Fijémonos, para entender más claramente la naturaleza monstruosa e inhumana de la filantropía, en la epístola de San Pablo a Filemón. Allí se nos cuenta la historia de un esclavo fugitivo (el equivalente a un inmigrante ilegal de nuestros días) que acude a Pablo, a la sazón anciano y prisionero en Roma, en demanda de ayuda. Si Pablo hubiese sido un filántropo, no habría estado en la cárcel sino regentando una fundación; y de inmediato habría escrito una carta al emperador, solicitando que se abolieran las leyes a favor de la esclavitud y en contra de los fugitivos, a los que habría exigido que se les permitiera circular libremente a través de las fronteras; a continuación, Pablo habría escrito a Filemón (al filántropo le molan los envíos masivos y los retuiteos), exigiéndole que manumitiese a Onésimo. Pero observemos que Pablo hace exactamente lo contrario: en primer lugar, convierte y bautiza al esclavo Onésimo (por eso escribe que es un «hijo al que ha engendrado en la prisión»); y, una vez bautizado, se lo envía a su amo Filemón, pidiéndole que lo reciba como a un hermano en Cristo. No le dice que lo manumita, ni que monte la ONG Filemona dedicada al asilo de fugitivos, ni que organice manifestaciones ante el palacio del emperador, reclamando la abolición de la esclavitud, ni parecidas soplapolleces. Como no era filántropo, Pablo mira primero por la salvación del alma de Onésimo; y, después, se preocupa por la salvación de su cuerpo concreto, encomendándolo a quien sabe que lo acogerá como a un hermano.

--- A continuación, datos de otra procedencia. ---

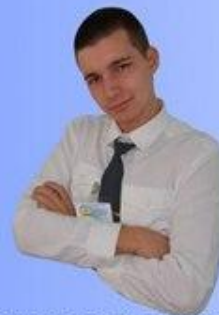
Министерство здравоохранения Насыров Ринат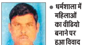
● धर्मशाला में महिलाओं का वीडियो बनाने पर हुआ विवाद

अमृत विचार: शादी समारोह में डीजे पर डांस कर रही महिलाओं का वीडियो बनाने को लेकर वर-वधू पक्ष में विवाद हो गया। बात इतनी बढ़ी कि मारपीट होने लगी। इसी दौरान किसी ने दुल्हन के चचेरे जीजा के सिर पर किसी वजनी चीज से प्रहार कर दिया जिससे उसकी मौत हो गई।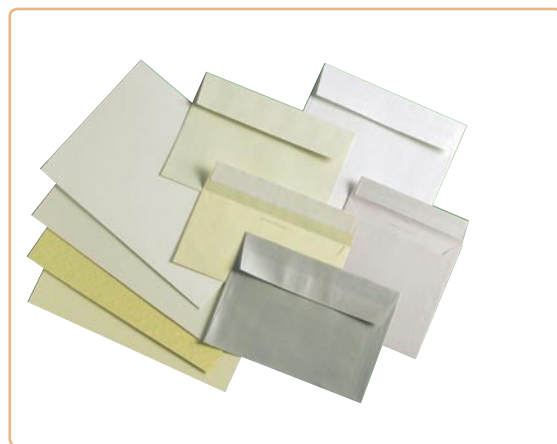
Os papéis importados são fabricados na França, Inglaterra, Escócia, entre outros países

A VSP também realizou o pré-lançamento da linha Scents durante a “Fiepag” e o lançamento oficial na “Luxe Pack”.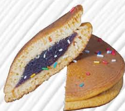
DORAYAKI € 5. 00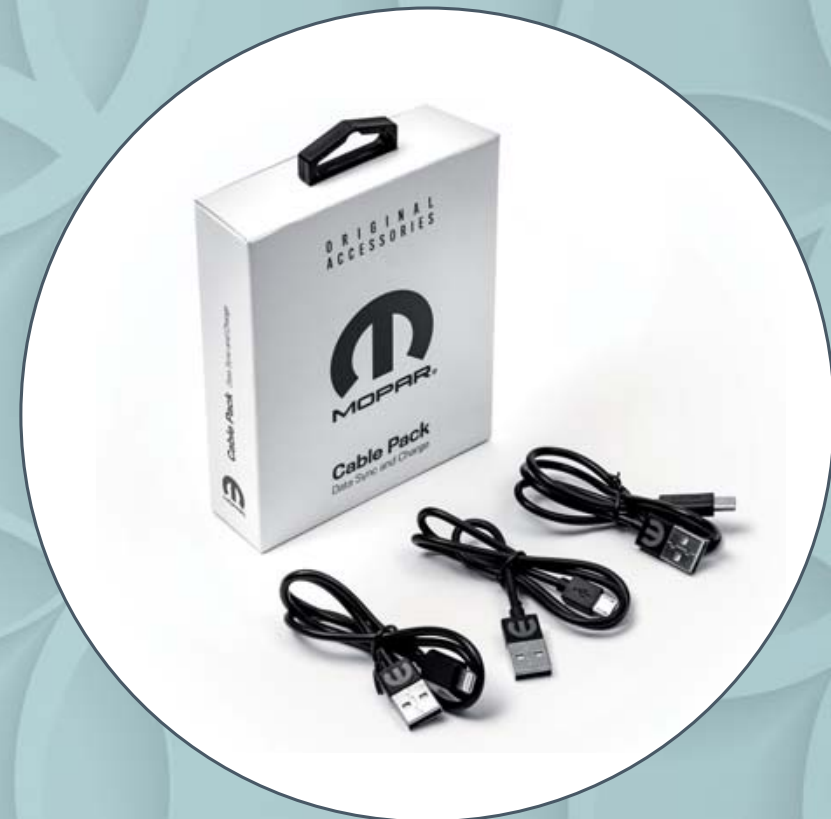
USB-KABEL APPLE CAR PLAY/ANDROID AUTO CÂBLE USB APPLE CAR PLAY/ANDROID AUTO CAVO USB APPLE CAR PLAY/ANDROID AUTO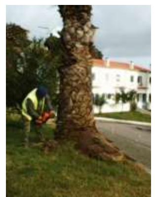
Corte de árvores na área da freguesia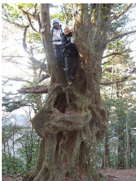
面白木に上るのは何方ですか〜??

7:15頃、車道をそれて右へと入り登って行く。ほどなく下り道になり小さな沢にでる。そのまま沢を登る。チョロチョロと水が流れ滑りやすく登りにくい。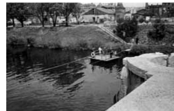
OHNE TITEL, 1946 Fährbetrieb neben der zerstörten March- brücke; Charlottenburg, britischer Sektor

Entry: 3,- / 2,- Euro | Märkisches Museum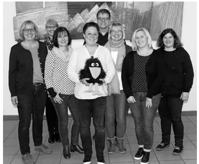
Das Team vom Gottesdienst für Kleine Leute (ohne Steffi)

Am letzten Sonntag hatte es unser Rabenmädchenkiki gar nicht leicht. Ganz empört berichtete sie vom Streit mit ihrem besten Freund Rudi. Da passte die Geschichte mit den Fizzli-Puzzlis und dem alten Stiefel wunderbar, denn bei ihr gab es viel zu lernen, wie man nach einem richtig schlimmen Streit wieder zusammenkommen kann. Wir freuen uns schon auf den nächsten Gottesdienst für Kleine Leute am 21. Juni - hoffentlich auf der Burghalde.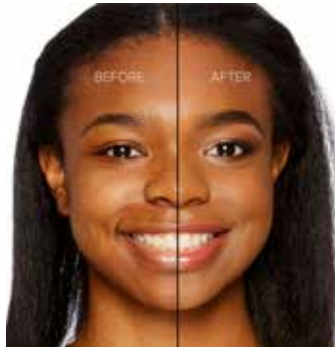
CHESTNUT - Oscuro con Subtono Neutro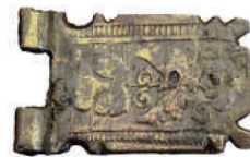
Knižné kovanie, 16.-17. stor.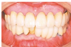
インプラント治療後、30年経過後の状態

この方は30年前に6本インプラント手術をされましたが、今でもしっかりと噛むことができていると、30年の間に病気になるはらたりました。その度にケアをしてきました。きちんと定期検診に来院されていること、セルフケアをしっかりと行われていたこと、今でも維持できています。軽い認知症になられておられますが、歯磨きが習慣化しておられたら、今でもかかさず歯磨きはされておられるようです。インプラントをしていないに比べて、日々のメンテナンス、定期検診はとも大切なことです。歯がなくては食事のままならず、健康そのものに直接的な影響を及ぼします。自分のこととして認識し、悪くなる前に予防を心がけてください。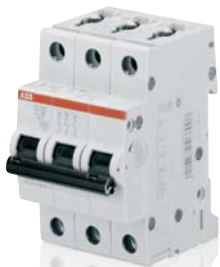
SK 020 B 01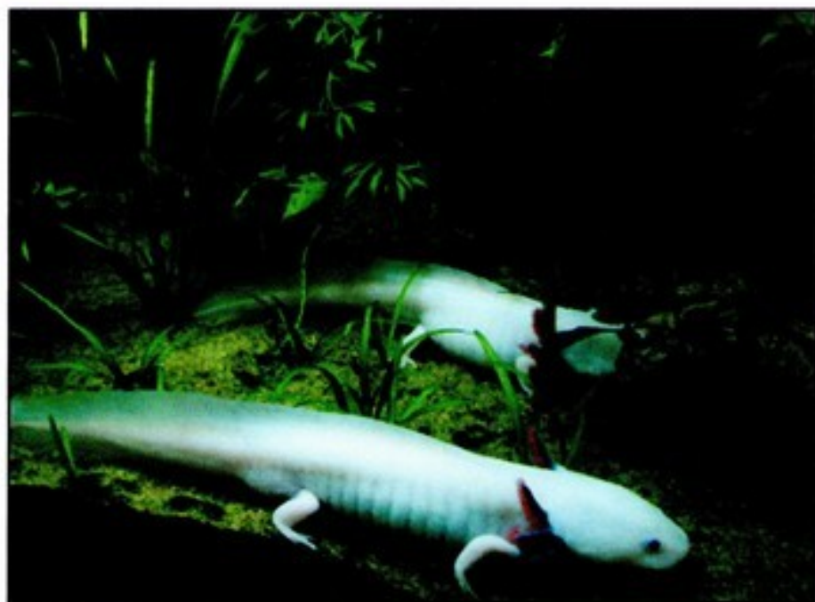
© Wikipédia ZeWrestler Mars 2010 Larves d'axolotl leucistique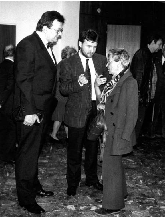
Dr. Michael Ludwig im Gespräch während einer Pause im Rahmen einer Vorstellung des Volkstheaters in den Außenbezirken – Mitte der 80er-Jahre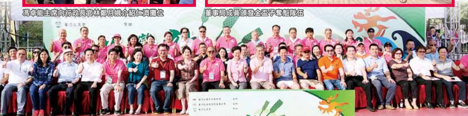
行政長官林鄭月娥與眾嘉賓對活動一致讚好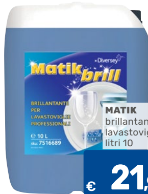
MATIK brillantante lavastoviglie litri 10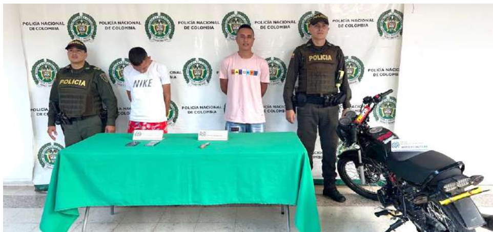
Los capturados y los elementos encontrados.

El filántropo impediría que Onésimo fuese bautizado (¡para preservar su libertad religiosa, oiga!) y no cejaría en su activismo hasta conseguir la abolición de la esclavitud y de las leyes contra los fugitivos (o ilegales). Y Onésimo, entretanto, iría languideciendo en trabajos chungos hasta perecer de hambre, o se dedicaría a la delincuencia para sobrevivir, porque ningún filántropo lo acogería como a un hermano. Salvo que tuviese la suerte ¡albricias! de tropezarse en su camino hacia la inanición o el crimen con cierta periodista de progreso que según confesó en entrevista famosa a Marine Le Pen acoge inmigrantes en su casa. El filántropo, además de desencarnado y hereje, es un hipocritón con una jeta de feldespato.